- Leader: Amado Bagatsing
- Founder: Amado Bagatsing
- Founded: 1985
- Headquarters: Manila
- Ideology: Localism
- National affiliation: Aksyon (2024–present); TroPa (2022); NUP (2011–2022); PPC (2001); LDP (1987–2000); ;
- Colors: Green

= Kabalikat ng Bayan sa Kaunlaran =

Filipino political party based in Manila

The Kabalikat ng Bayan Sa Kaunlaran (KABAKA) is a local Manila-based political organization.

== History ==
In 2001, KABAKA was the political party of Amado Bagatsing when he ran for the Mayorship of Manila. KABAKA was affiliated with the People Power Coalition (PPC), as Bagatsing was chosen by the Arroyo administration over Lakas Manila leader Mel Lopez. Bagatsing ran with incumbent Vice Mayor Danny Lacuna as his running mate. Bagasting lost to incumbent Lito Atienza and Lacuna managed to win.

In 2007, the party supported his former mayoral opponent's son Ali, but lost to Alfredo Lim. Bagatsing returned to congress in 2007. In 2010, they supported his former opponent. In 2013, they supported former president Joseph Estrada.

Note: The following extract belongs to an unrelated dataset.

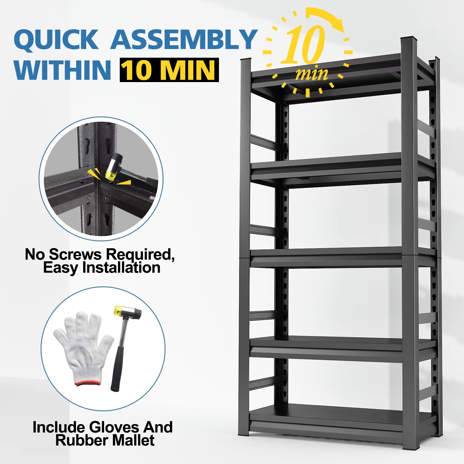 Our storage shelves incorporates an advanced click-and-lock system, easy to put together streamlining assembly and no need for bolts, screws, or nuts. Simply follow the detailed instructions for rapid setup.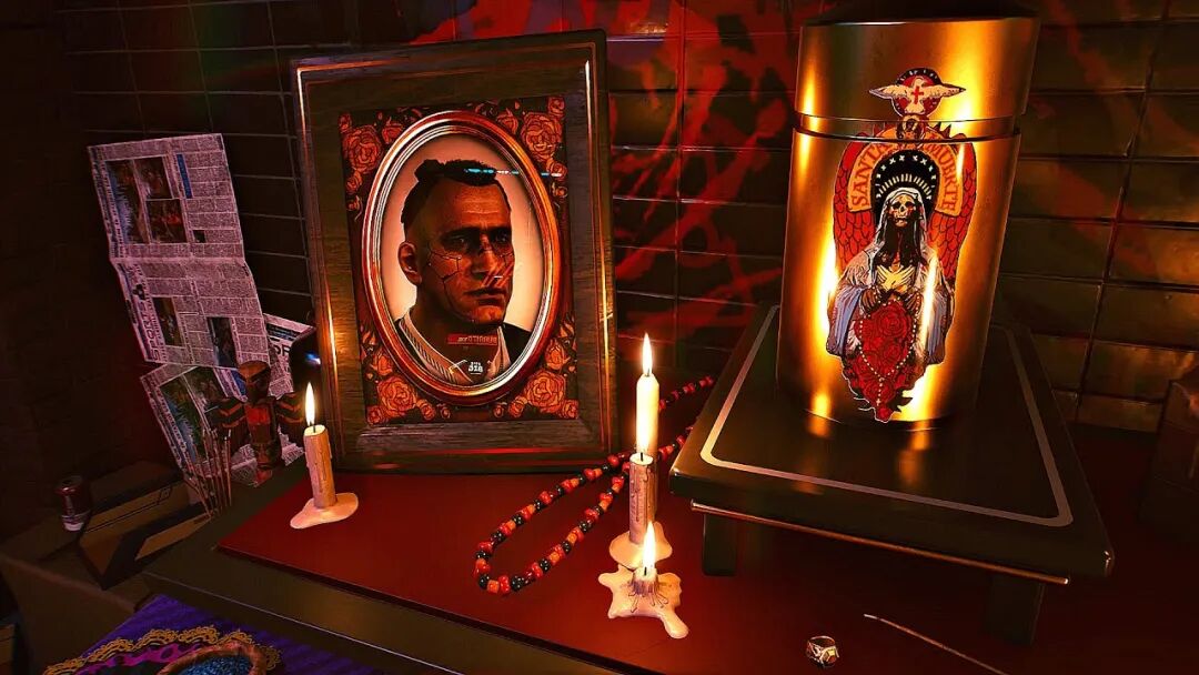 所以在好兄弟「杰克」的葬礼支线任务中,虽然制作组为了渲染情绪并没有真的像现实版中那样喜气洋洋,但相比其它文化里庄严肃穆的氛围,我们仍能在墨西哥人的灵台上看到微笑的耶稣枯骨,俗艳的红色玫瑰花雕,与张扬浮夸的金色十字架。

In 2016, Bagatsing tried again to run for mayor, with Ali Atienza as running mate, but both lost to Estrada and daughter of Bagatsing's former running mate Honey Lacuna. At the same year, Cristal Bagatsing, his daughter ran to replace Bagatsing's place and won.

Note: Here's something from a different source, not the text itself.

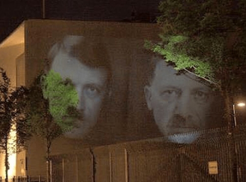 Հիտլերին և Էրդողանին նմանեցնող պատկերներ՝ Բեռլինում Թուրքիայի դեսպանատան պատին
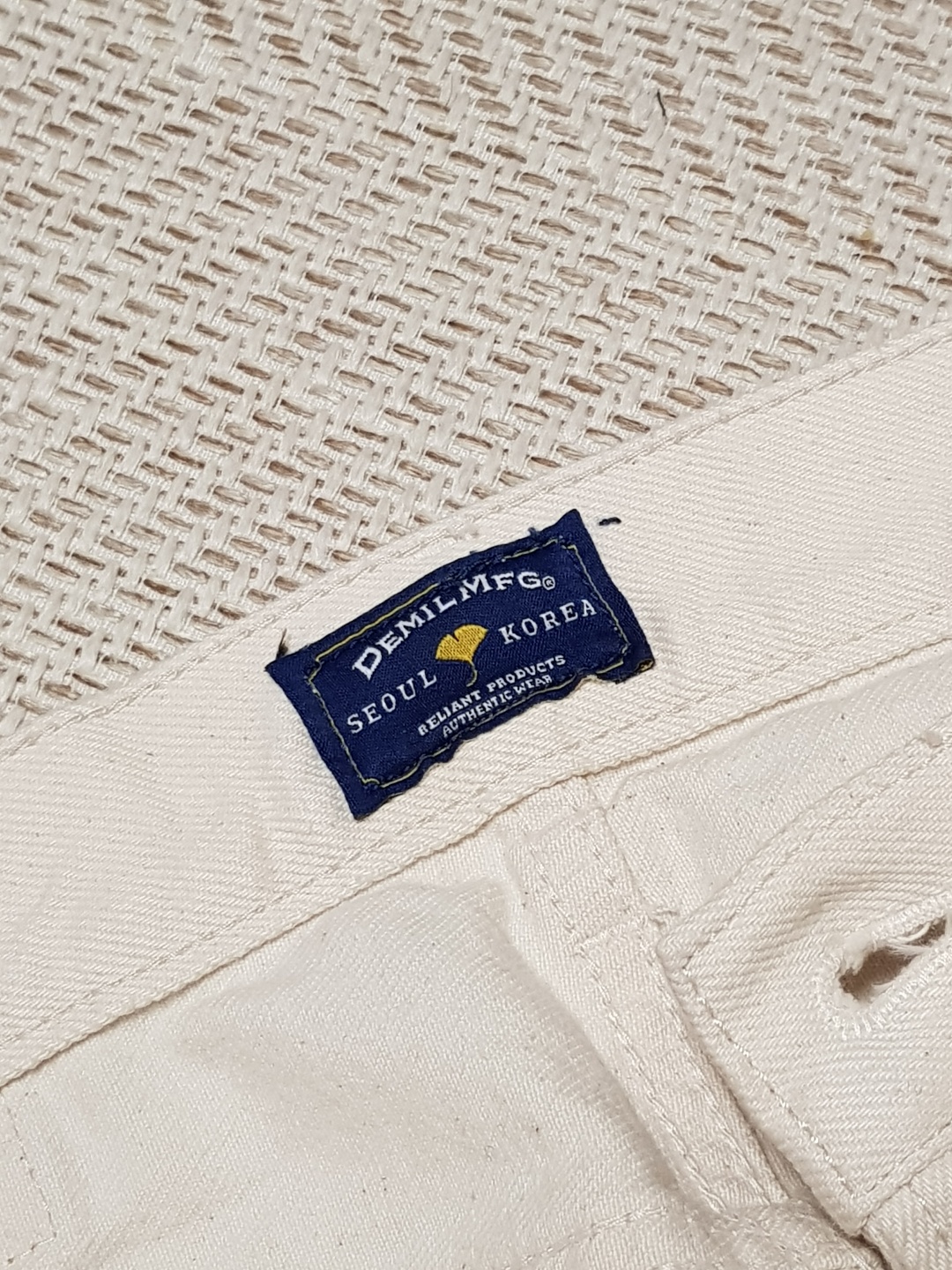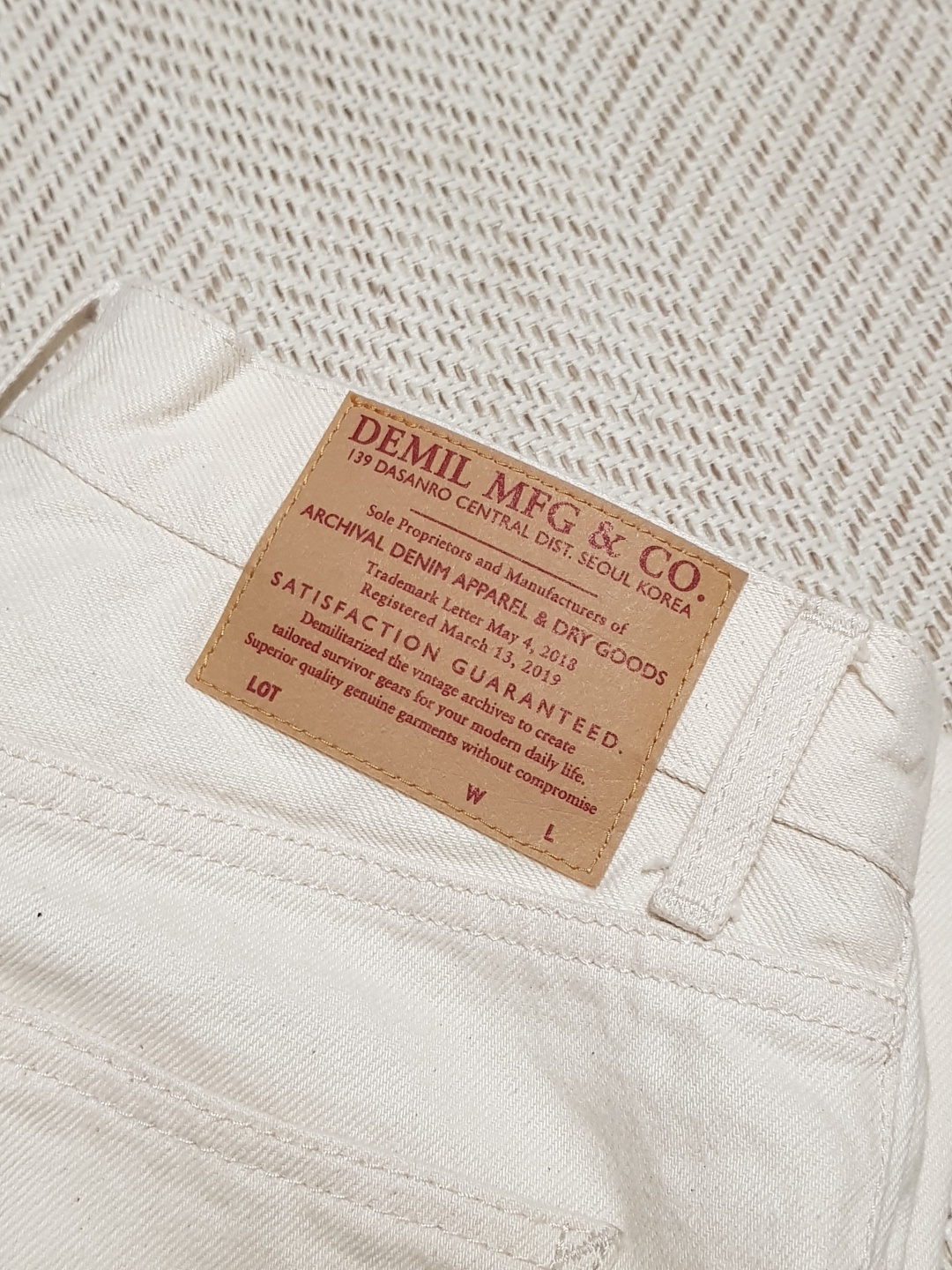 데밀의 바지 제품들은 대략 10~30만 원 정도의 가격대를 형성하고 있습니다. 가성비충인 저는 가격대가 높은 제품은 쉽게 구매하지 못한다는 특징을 가지고 있지만 1)데밀 제품을 경험해 보고 싶은 마음, 2)에크루 진이 필요하다는 점, 3)그나마 비벼볼 만한 가격대 인점을 핑계로 바지 한 벌을 구매해보았습니다. 제품명은 'LOT. 026 Hollywood Slims Off White' 입니다. 가격 99,000원 저는 네이버페이 등 기타 제휴 포인트를 이용해 저렴하게 구매하였습니다. 평소 허리 사이즈 30인치, 해당 바지도 30사이즈를 구매하였고 착용하다 보니 아주 살짝 루즈하게 잘 맞습니다.

In 2019, Bagatsing was chosen by Estrada as his running mate (vice mayor) for seeking third term, but lost again to former Vice Mayor Isko Moreno and incumbent one Lacuna.

The Commission on Elections declared KABAKA as the dominant local party in Metro Manila for the 2022 election. In 2022, Bagatsing ran again for Mayor, this time without a running mate, and defeated by Lacuna. Cristal Bagatsing lost her bid for a third term after defeated by Irwin Tieng.

In 2025, Amado Bagatsing ran as congressman under Isko Moreno and Chi Atienza's slate. The party also supported the tandem. However, Bagatsing lost to incumbent Irwin Tieng.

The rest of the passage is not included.